RECORDED INFORMATION:
━━━━━━━━━━━━━━━━━━━━━━━━━━━━━━

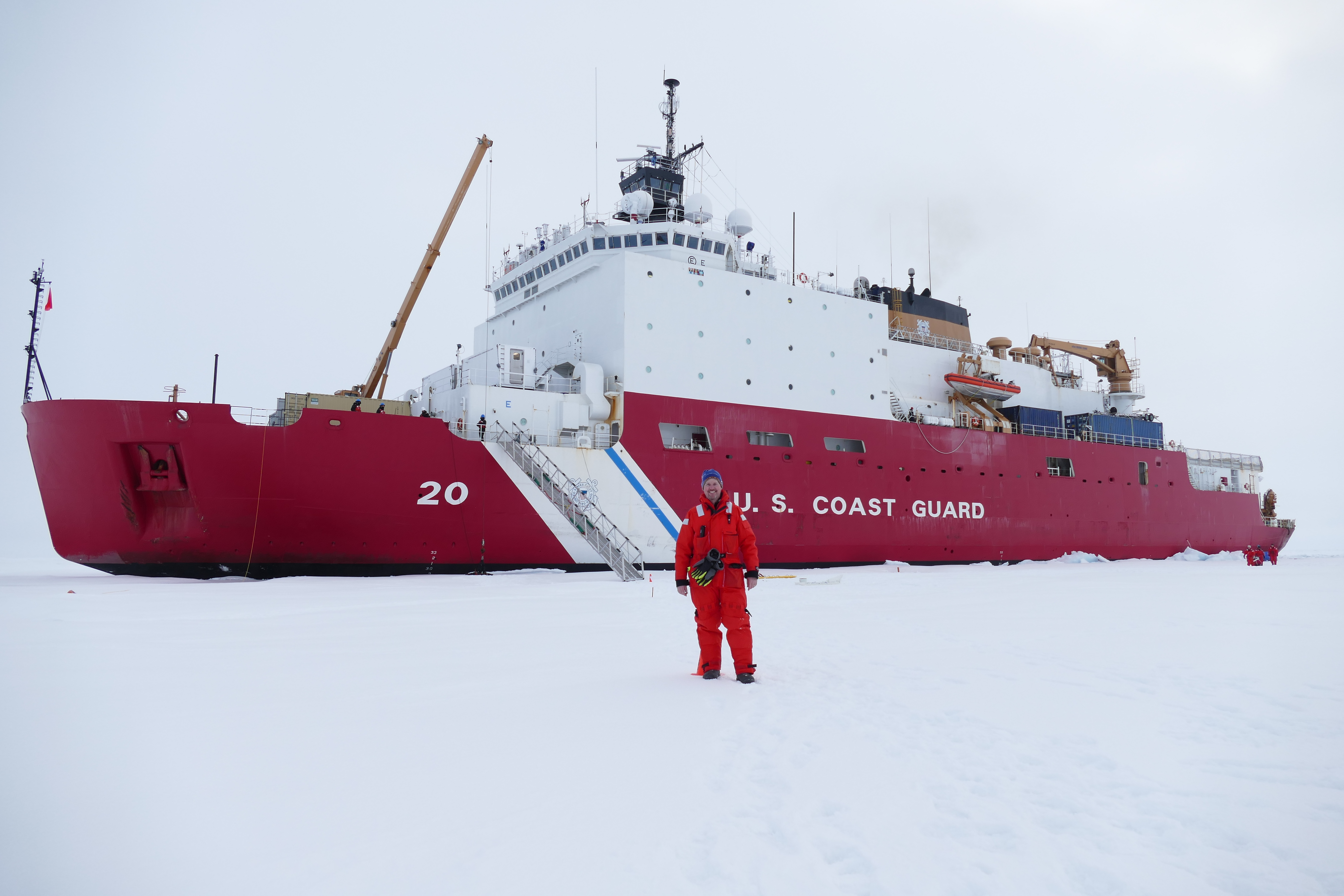 Bill Schmoker stands on sea ice over the deep water of the Arctic Ocean’s Makarov Basin. Next to the USCGC Healy at the Lomonosov Ridge in the Arctic Ocean. 89.30°, -176.52°.
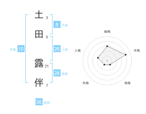 土田 露伴さんの天格は8画の4点!
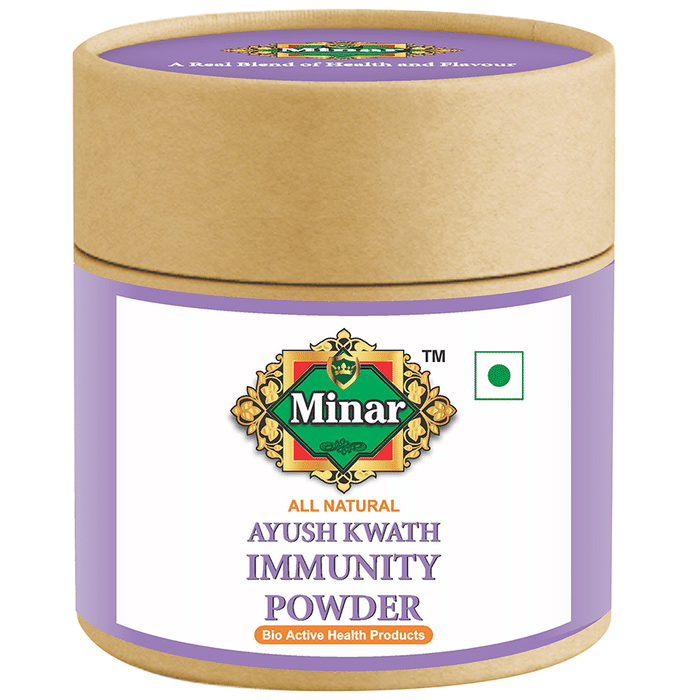 Minar Ayush Kwath Immunity Powder is a herbal formulation that boosts immunity against various infections. It contains anti-viral, antioxidative and anti-inflammatory properties, that may be effective in regulating immunity for the prevention and reduction of viral diseases and other related complications. | Key Ingredients: Salem Turmeric Cumin Seeds Coriander Seeds Black Pepper Cinnamon Powder | Key Benefits: Promotes younger skin and healthier hair due to its multivitamin content, including biotin, iron, zinc, vitamin A, B, C and D May improve immunity to fight against various pathogens and help prevent infections Can relieve coughing, sore throat, common cold, and other respiratory ailments | Directions For Use: Use as advised by your healthcare provider or nutritionist. | Safety Information: Store this product in a cool and dry place away from direct sunlight Do not exceed the recommended dosage Keep the product in an air-tight container and do not use a wet spoon to handle it
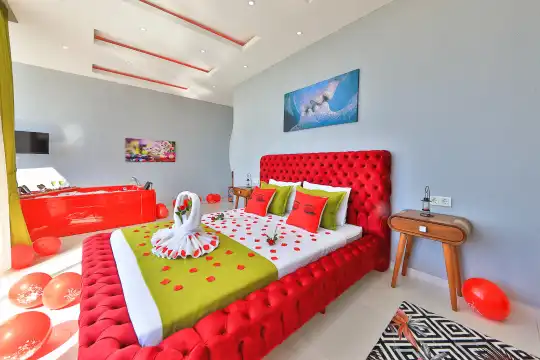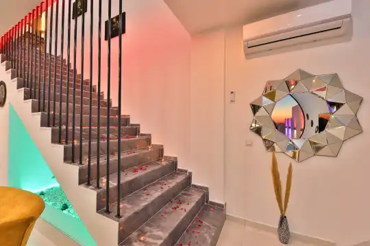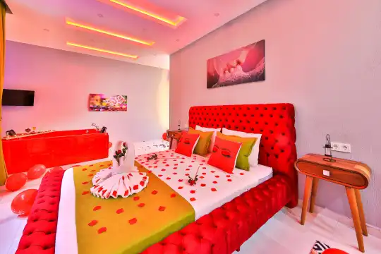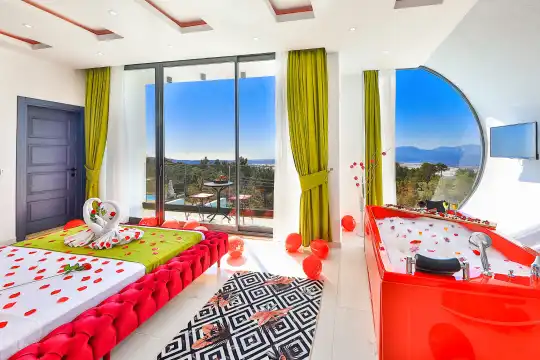 Villamız Kaş/Kalkan tatil beldesinin sakin konumlarından Üzümlü mevkiindeyer almaktadır. Son yılların villa tatili gözdesi olmuş, etrafı ormanlarla çevrili, merkeze araçla 5 dakikada ulaşabildiğiniz konumu ve muhteşem mazarasıyla konaklayanlarına lüks bir tatil imkanı sağlamaktadır. Villa Alyans, 2 kişilik kapasiteye sahip villada 1 yatak odası yer alıyor. Villanın yatak odasında banyosu ve jakuzisi mevcut. Açık mutfağı ve kendine ait bahçesi var. Mutfağında bulaşık makinesi, buzdolabı, ankastre fırın, ve mutfakta ihtiyaç olan hemen hemen bütün gereçler bulunuyor. Villanın bahçesinde özel havuzu mevcut. Barbekü, masa, sandalyeler, şezlonglar ve şemsiyeler bahçe keyfini sınırsız yaşamanıza imkan tanıyor. Salonunda oturma grubu, televizyon, eşyalar bulunurken, tüm odalar için ayrı klima imkanı var.

━━━━━━━━━━━━━━━━━━━━━━━━━━━━━━

GOAL OF THE EXERCISE:
Copy each line above exactly. Images do not belong in the copy.

FINISHED EXERCISE:
 Bill Schmoker stands on sea ice over the deep water of the Arctic Ocean’s Makarov Basin. Next to the USCGC Healy at the Lomonosov Ridge in the Arctic Ocean. 89.30°, -176.52°.
 土田 露伴さんの天格は8画の4点!
 Minar Ayush Kwath Immunity Powder is a herbal formulation that boosts immunity against various infections. It contains anti-viral, antioxidative and anti-inflammatory properties, that may be effective in regulating immunity for the prevention and reduction of viral diseases and other related complications. | Key Ingredients: Salem Turmeric Cumin Seeds Coriander Seeds Black Pepper Cinnamon Powder | Key Benefits: Promotes younger skin and healthier hair due to its multivitamin content, including biotin, iron, zinc, vitamin A, B, C and D May improve immunity to fight against various pathogens and help prevent infections Can relieve coughing, sore throat, common cold, and other respiratory ailments | Directions For Use: Use as advised by your healthcare provider or nutritionist. | Safety Information: Store this product in a cool and dry place away from direct sunlight Do not exceed the recommended dosage Keep the product in an air-tight container and do not use a wet spoon to handle it
 Villamız Kaş/Kalkan tatil beldesinin sakin konumlarından Üzümlü mevkiindeyer almaktadır. Son yılların villa tatili gözdesi olmuş, etrafı ormanlarla çevrili, merkeze araçla 5 dakikada ulaşabildiğiniz konumu ve muhteşem mazarasıyla konaklayanlarına lüks bir tatil imkanı sağlamaktadır. Villa Alyans, 2 kişilik kapasiteye sahip villada 1 yatak odası yer alıyor. Villanın yatak odasında banyosu ve jakuzisi mevcut. Açık mutfağı ve kendine ait bahçesi var. Mutfağında bulaşık makinesi, buzdolabı, ankastre fırın, ve mutfakta ihtiyaç olan hemen hemen bütün gereçler bulunuyor. Villanın bahçesinde özel havuzu mevcut. Barbekü, masa, sandalyeler, şezlonglar ve şemsiyeler bahçe keyfini sınırsız yaşamanıza imkan tanıyor. Salonunda oturma grubu, televizyon, eşyalar bulunurken, tüm odalar için ayrı klima imkanı var.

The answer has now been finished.